For the first few months after you plant a tree, most of its roots will stay within that same original root ball, with a few starting to meander out. Both the root ball and the surrounding soil need to be kept moist to encourage those roots to grow. After a few months, you’ll want to expand the watering zone to cover the entire canopy area. It might take at least a couple growing seasons for your tree to establish itself, so in those early years you need to have supplemental waterings if you don’t have regular soaking rains. In particularly hot, dry weather, those trees might need to be watered three times a week to prevent the root ball from drying.

Established trees

An established tree’s roots will typically extend far beyond the canopy or drip line. Some anchor roots might reach deep down, but most will stay within the top foot to foot and a half of the soil. When you water an established tree, you should do so deeply, soaking the whole area beneath the canopy and past the drip line. Aim to moisten the soil to a depth of 10” with each watering. Make sure you don’t apply water directly around the trunk, or else you could develop rot problems.

Watering information

The best way to check the moisture of the soil is to take a long screwdriver and poke it down into the soil. It should easily pass through moist soil, but will be difficult to push into dry soil. If you have problems poking it down at least six inches, you need to water.

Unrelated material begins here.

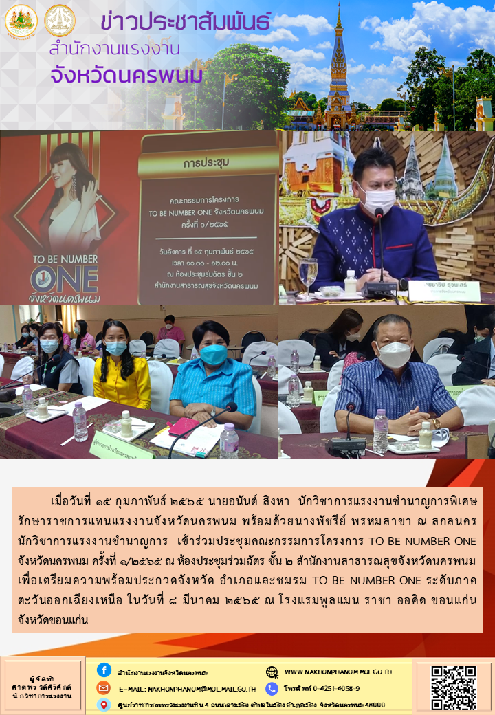 สำนักงานแรงงานจังหวัดนครพนม เข้าร่วมประชุมคณะกรรมการโครงการ TO BE NUMBER ONE จังหวัดนครพนม ครั้งที่ 1/2565
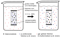 Die Dialyse ist eine Arbeitsmethode im chemischen Labor. Sie dient dazu, kleine Moleküle und Ionen, wie zum Beispiel Salze oder Zucker, auszutauschen, während große Moleküle, wie zum Beispiel Proteine oder Nukleinsäuren, zurückgehalten werden.

Overhead sprinklers are great for covering large areas, but they also are more prone to evaporation. Instead, you should use watering methods that apply water slowly a period of over several hours.

Soaker hoses are a great way to water trees because they release water slowly. Circle a tree with such a hose and let it run for at least an hour. Using the “bubbler” or “soaker” setting on a hose-end device is also a great way to reduce the velocity of the water to ensure that water soaks in rather than running off. You’ll need to move the bubbler around to make sure the whole area gets soaked.

Finally, avoid watering between 10 a.m. and 6 p.m. so you can conserve water.